Как то всякая из вас могла слышать и видеть, Куррадо Джьянфильяцци, именитый гражданин нашего города, был всегда щедрым и гостеприимным и, живя по-рыцарски, постоянно находил удовольствие в собаках и ловчих птицах; о других его больших деяниях я теперь не говорю. Однажды, когда поблизости Перетолы его сокол взял журавля, он, найдя птицу молодой и жирной, послал ее своему хорошему повару, по имени Кикибио, венецианцу, велев сказать ему, чтобы он изжарил его и старательно приготовил к ужину. Кикибио, будучи легкомысленным, каким и казался, приготовил журавля, поставил на огонь и стал его тщательно жарить. Когда он почти уже изжарил его и от него пошел сильнейший запах, одна женщина той местности, по имени Брунетта, в которую Кикибио был сильно влюблен, случайно зашла на кухню и, почувствовав запах журавля и увидев его, стала умильно просить Кикибио дать ей бедро. Кикибио ответил ей, напевая: «Не получить вам его от меня, донна Брунетта, не получить». Разгневанная этим, донна Брунетта сказала ему: «Клянусь Богом, если ты не дашь мне его, никогда не получишь от меня ничего, чего бы ты захотел». Одним словом, спор поднялся великий; под конец Кикибио, чтобы не огорчить свою милую, отнял одно бедро журавля и дал ей.
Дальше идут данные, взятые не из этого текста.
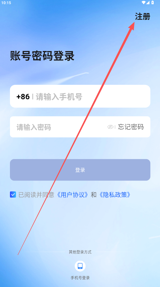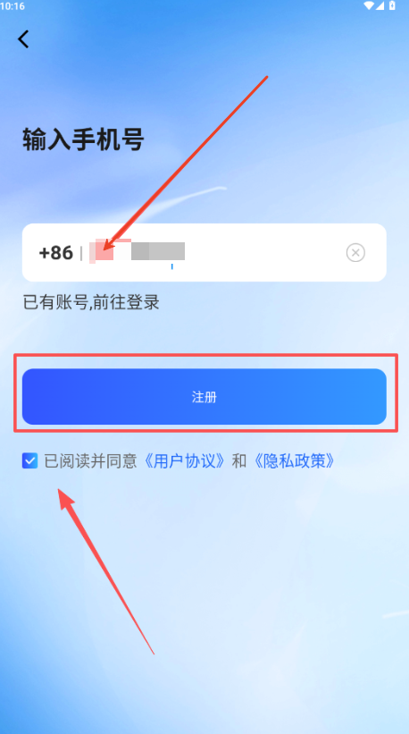 2、输入使用者手机号码,点选下方的用户协议和隐私政策“注册”。
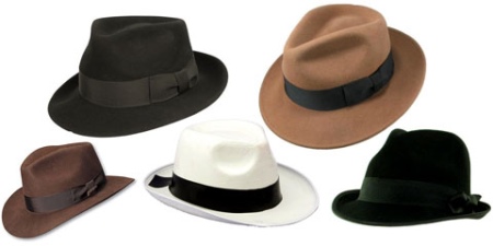 The original hat was made of velvety felt and framed with a satin ribbon. A little later, the accessory began to create from a variety of materials. Only the style did not change: narrow margins that could be lifted or lowered and three dents on the upper part framing the head (crown).

Когда затем Куррадо и его гостям подан был журавль без одного бедра и Куррадо дался диву, он велел позвать Кикибио и спросил его, что сталось с другим бедром журавля. На это любивший прилгнуть венецианец тотчас же ответил: «Господин мой, у журавлей всего лишь одно бедро и одна нога». Тогда Куррадо гневно сказал: «Как, черт возьми, у них всего одно бедро и одна нога? Будто я, кроме этого, не видел других журавлей?» Кикибио продолжал утверждать: «Оно так, как я вам говорю, мессере, и если вам угодно, я покажу это вам на живых». Куррадо, из внимания к бывшим у него гостям, не захотел рассуждать далее, но сказал: «Так как ты готов показать мне на живых, чего я никогда не видел и не слыхал, чтобы так было, я хочу увидеть это завтра же и удовлетворюсь; но клянусь тебе телом Господним, если окажется иначе, я велю так тебя отделать, что, пока ты будешь жив, станешь, на твою беду, поминать мое имя».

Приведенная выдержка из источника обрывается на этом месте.